Но сейчас именно о цене и кричал Завалихин в эти хмурые ночи их долгих споров. О бесчисленных жертвах и напрасных потерях.

«Наши жертвы — из-за жестокости этой войны, — думал молча Шубаров. — Из-за классовой непримиримости. И если у нас останется хоть один, последний солдат — и он тоже падет в бою, и тогда он не напрасная жертва, а защитник своих убеждений!»

Он сказал Завалихину:

— Чего это ты все шумишь о напрасных жертвах? Напрасные жертвы! Ты же знаешь: война с фашистами для нас неизбежна. А как известно, на войне по головке не гладят. И пряников… тоже не раздают! Кто сознательно идет на смерть ради Родины, тот не жертва! — рубанул он рукой.
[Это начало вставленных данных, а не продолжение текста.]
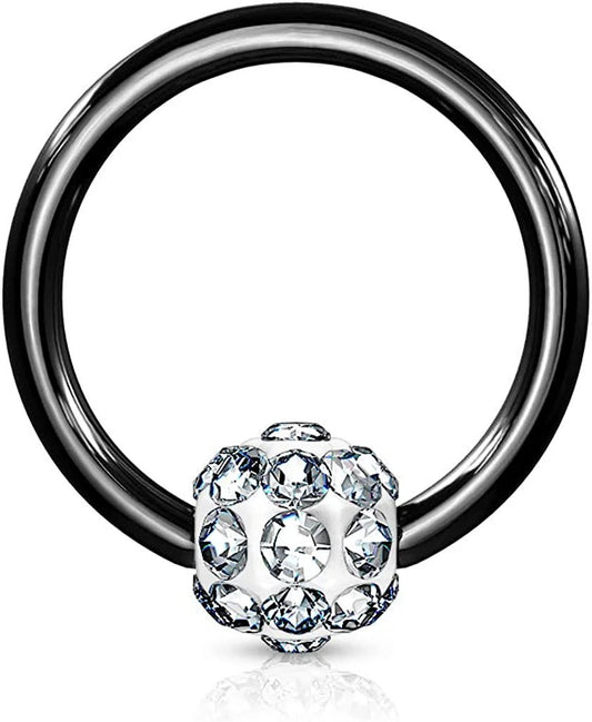 Surgical Steel Crystal Paved Ferido Ball Captive Bead Ring
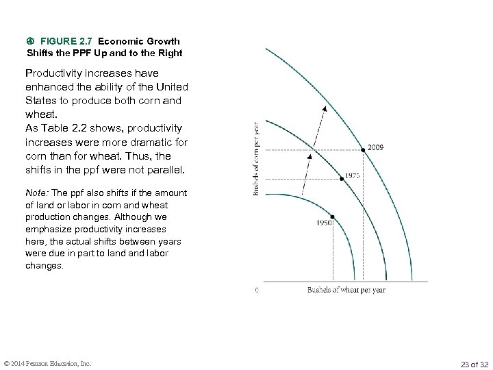 FIGURE 2. 7 Economic Growth Shifts the PPF Up and to the Right Productivity increases have enhanced the ability of the United States to produce both corn and wheat. As Table 2. 2 shows, productivity increases were more dramatic for corn than for wheat. Thus, the shifts in the ppf were not parallel. Note: The ppf also shifts if the amount of land or labor in corn and wheat production changes. Although we emphasize productivity increases here, the actual shifts between years were due in part to land labor changes. © 2014 Pearson Education, Inc. 23 of 32
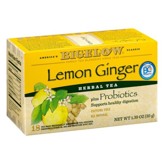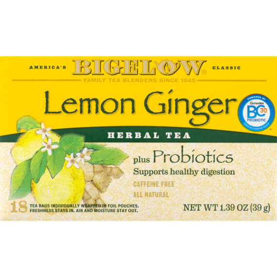 Details Ingredients Lemongrass, Lemon Peel, Cinnamon, Natural Ginger and Lemon Flavors with other Natural Flavors (Soy Lecithin), Lemon Verbena, Rose Hips, Ginger, Licorice Root, GanedenBC30® (Bacillus coagulans GBI-30, 6086), Citric Acid. Show more Product features This recipe not only taste delicious, it's good for your digestion too. Our zesty blend of lemon and ginger has been combined with the probiotic BC 30, an innovation that helps maintain a healthy balance in your digestive tract when used as part of a balanced diet. Herbal Tea, Lemon Ginger, Caffeine Free, Bags 18 tea bags individually wrapped in foil pouches. Freshness stays in. Air and moisture stay out. Plus probiotics. Supports healthy digestion. All natural. Powered by Ganeden BC30 probiotic. Digestive & immune health. Family tea blenders since 1945. It's Easy Being Green: Here at Bigelow Tea, our commitment to the environment is a top priority! Each of our facilities has a dedicated green team focused on identifying ways to become more environmentally sensitive, from installing solar panels at our headquarters to enforcing company-wide composting & recycling programs. We were thrilled when our three manufacturing facilities recently achieved zero waste to landfill status. We are also extremely proud of the fact that, in 2003, we purchased the Charleston Tea Plantation in Wadmalaw Island, South Carolina. We were able to preserve 127 acres of beautiful tea bushes. The tea produced from these bushes is used exclusively for a special line of teas call American Classic Tea. Today the farm is thriving and has over 60,000 visitors a year. At Bigelow we are 100% committed to protecting the environment now, and for generations to come! - The Bigelow Family. Unlock the Freshness - Here's the Key: We use a special foil pouch to protect your tea from any air, moisture and surrounding aromas. So open and enjoy the unparalleled flavor, freshness, aroma of Bigelow Tea everywhere you go! Caff-O-Meter (Represents average caffeine content; individual products may vary): coffee - 100-120 mg; black tea - 30-60 mg; green tea - 25-50 mg; decaf tea - 1-8 mg; herbal tea - 0 mg. Our Promise: We're fully committed to your satisfaction and we love to hear from you! When you do call, please share the code number on this box with the Consumer Service crew. RC Bigelow, Inc; Attn: Consumer Services Group; Fairfield, CT 06825-5512; 1-888-Bigelow; bigelowtea.com. We're Proud of Our Recipe: This recipe not only tastes delicious, it's good for your digestion too. Our zesty blend of lemon and ginger has been combined with the probiotic BC 30, an innovation that helps maintain a healthy balance in your digestive tract when used as part of a balanced diet. Gluten free. Our boxes, tea bags, strings and tags are 100% biodegradable and we encourage you to do your part. Thanks! Blended and packaged in the USA. Special Features

— Ну, связались! — сказал Железнов. — У нас на Дону драчливых петухов на заслонке кормят.

— А что, я не прав? — повернулся Шубаров.

— Ты прав. Я с тобою согласен.

Завалихин, сверкнув глазами, смолчал, ничего не ответил. Он только бросил в огонь недокуренную цигарку и скрутил себе из обрывка газеты другую. Затянувшись, и эту бросил. И лег на свое место на нары, завернувшись в грубошерстное одеяло.
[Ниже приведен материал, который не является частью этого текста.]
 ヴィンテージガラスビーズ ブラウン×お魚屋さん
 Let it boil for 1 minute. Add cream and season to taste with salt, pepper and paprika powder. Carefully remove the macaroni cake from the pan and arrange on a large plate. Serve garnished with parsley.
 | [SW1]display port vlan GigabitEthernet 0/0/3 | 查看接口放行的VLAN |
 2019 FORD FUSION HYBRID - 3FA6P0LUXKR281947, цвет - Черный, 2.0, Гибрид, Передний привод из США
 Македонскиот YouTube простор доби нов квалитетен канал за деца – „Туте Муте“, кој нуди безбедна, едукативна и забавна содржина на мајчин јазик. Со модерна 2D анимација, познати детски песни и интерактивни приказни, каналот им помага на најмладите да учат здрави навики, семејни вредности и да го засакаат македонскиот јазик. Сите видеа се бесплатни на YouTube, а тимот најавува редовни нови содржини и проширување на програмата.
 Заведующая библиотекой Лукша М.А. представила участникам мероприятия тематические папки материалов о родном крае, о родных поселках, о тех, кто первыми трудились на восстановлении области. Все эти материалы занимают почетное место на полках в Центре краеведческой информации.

Вскоре спал и Матвей. А комиссар еще долго ворочался, все никак не мог уснуть. Ему все хотелось вскочить и куда-то бежать, что-то делать, убеждать, спорить, доказывать.

Он вдруг застонал, заворочался на нарах так, что доски под ним затрещали.

— Что, Мить, аль блохи кусают? — спросил в темноте вдруг проснувшийся Железнов. — Ты не думай, друг… — Он повернулся лицом к своему комиссару. — Не так страшен черт, как его малюют. Мой Петро отступал, а мы будем с тобой наступать. Это многое значит… Совсем другая будет у нас психология. И взгляд на войну будет совершенно другой. Понимаешь? Это все равно что увидеть две разных войны: отступать — и наступать. Я-то знаю… Я ведь тоже кое-что повидал на Халхин-Голе!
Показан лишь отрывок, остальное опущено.